Task. Could you write out the listing below exactly as it stands, leaving out the pictures?
[Data shown — start]
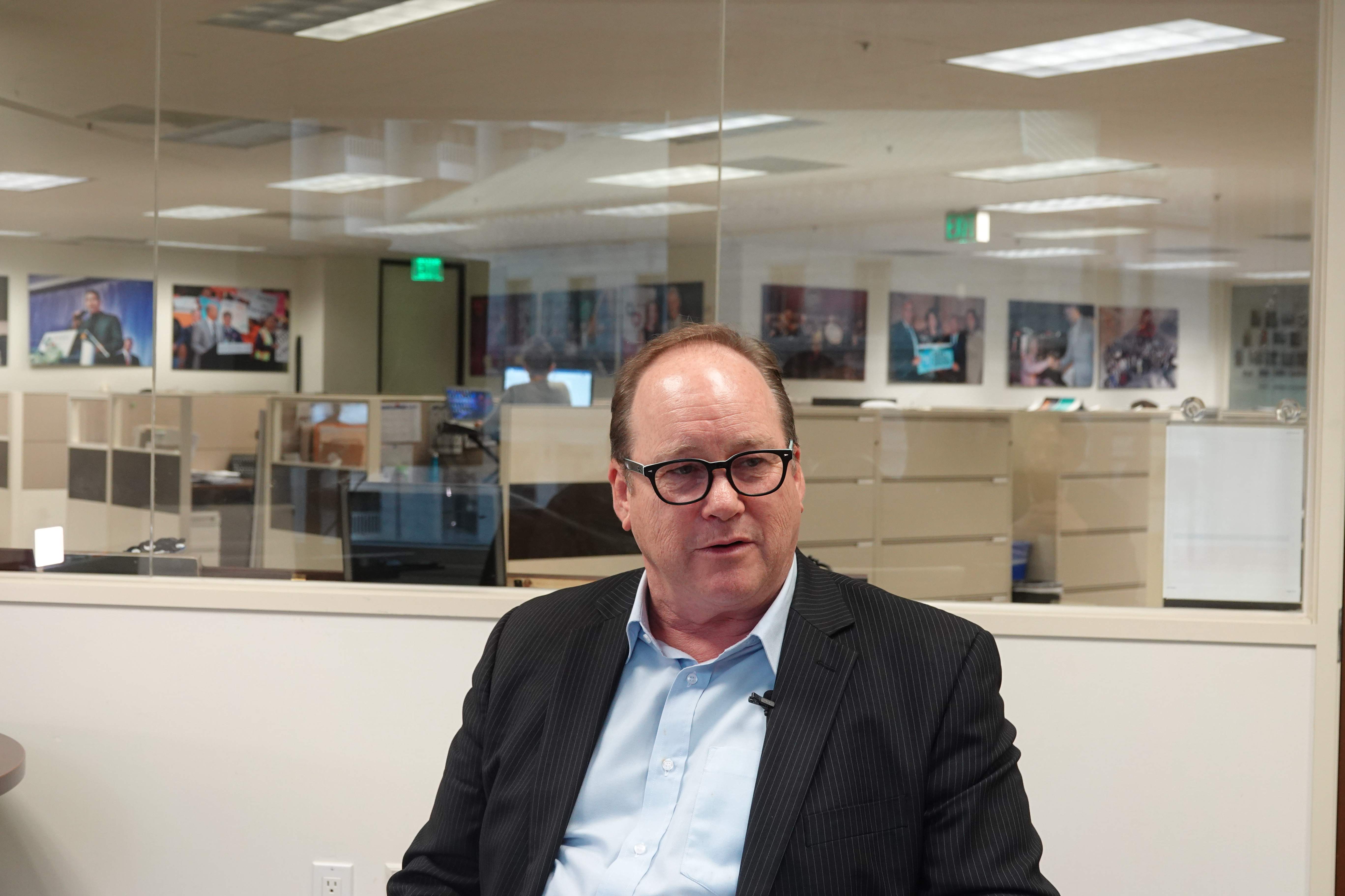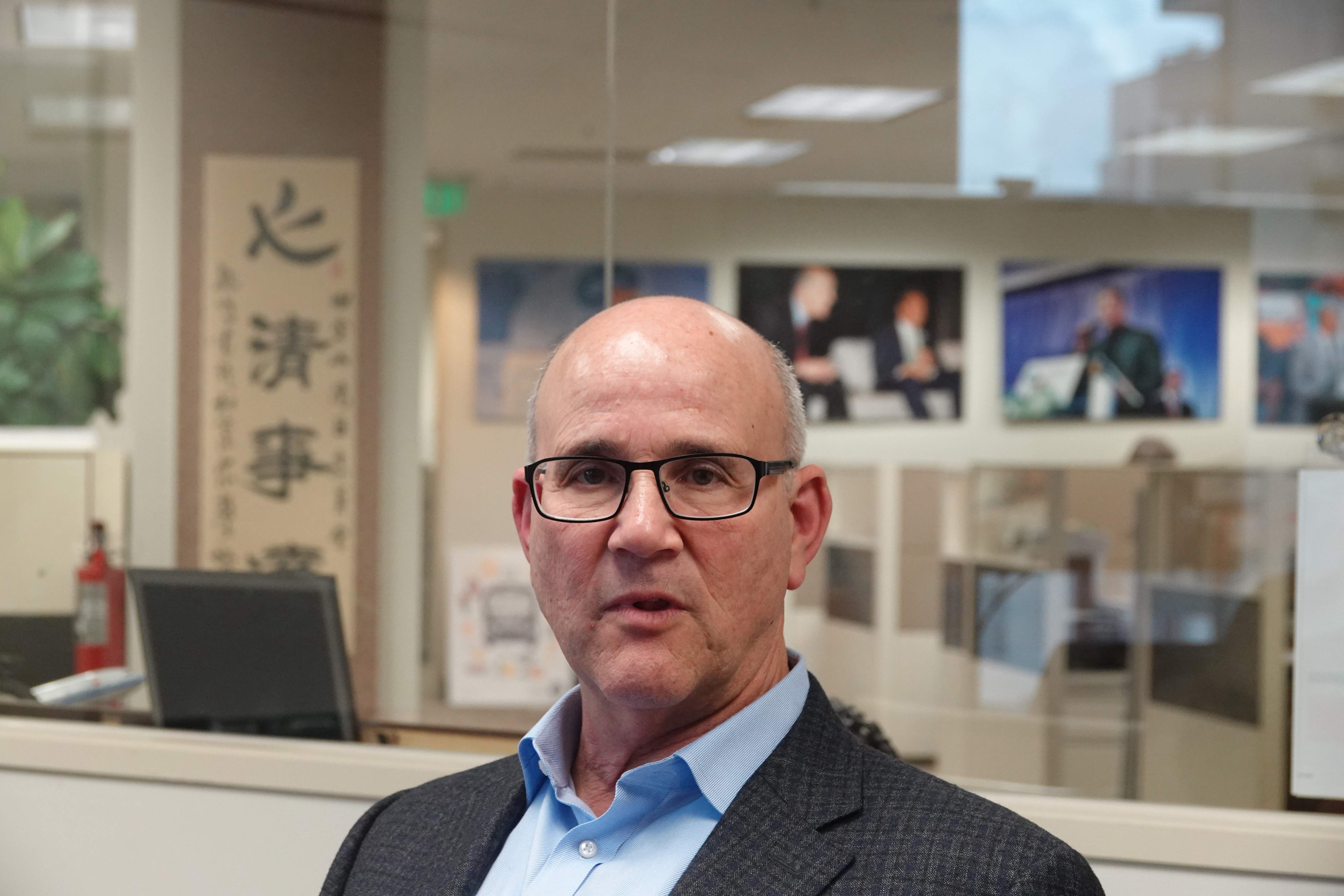 Del Christensen, chief of global business development for the Bay Area Council (BAC), receives an interview with Xinhua in San Francisco, the United States, on March 27, 2019. (Xinhua/Wu Xiaoling)
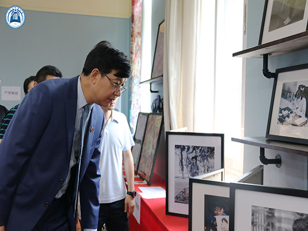 开幕仪式前,黄南松校长助理及各位嘉宾老师前往1教103观展学生作品,由此次作品展的指导老师向大家分享和讲解每个优秀作品背后的故事。
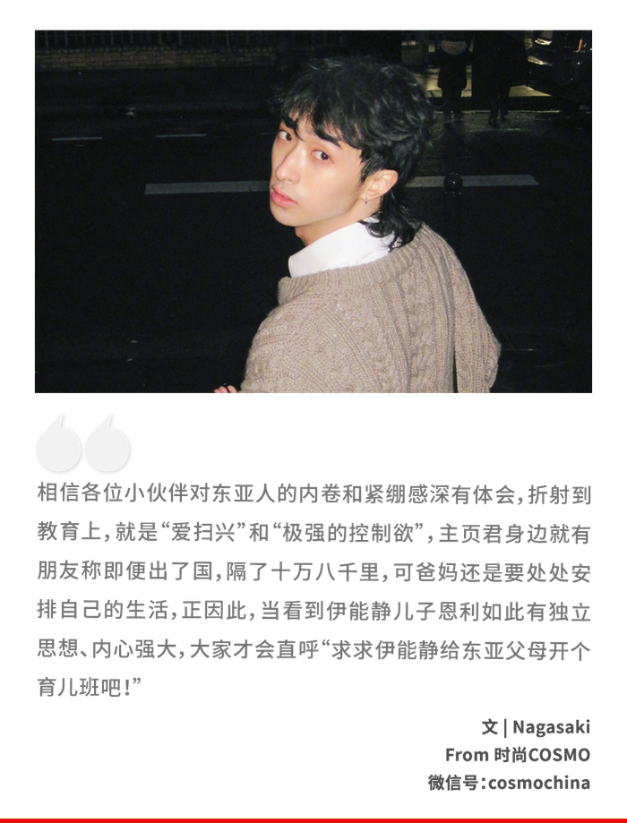 但伊能静却说:“性别是固定的,服装是流动的,恩利是自由的。”面对舆论对恩利的指责、批评甚至是谩骂,伊能静选择了足够的尊重和包容:“我会给他所有的自由,他在我的世界里,他可以成为自己。”
[Data shown — finish]
Exercise solution.
 Del Christensen, chief of global business development for the Bay Area Council (BAC), receives an interview with Xinhua in San Francisco, the United States, on March 27, 2019. (Xinhua/Wu Xiaoling)
 开幕仪式前,黄南松校长助理及各位嘉宾老师前往1教103观展学生作品,由此次作品展的指导老师向大家分享和讲解每个优秀作品背后的故事。
 但伊能静却说:“性别是固定的,服装是流动的,恩利是自由的。”面对舆论对恩利的指责、批评甚至是谩骂,伊能静选择了足够的尊重和包容:“我会给他所有的自由,他在我的世界里,他可以成为自己。”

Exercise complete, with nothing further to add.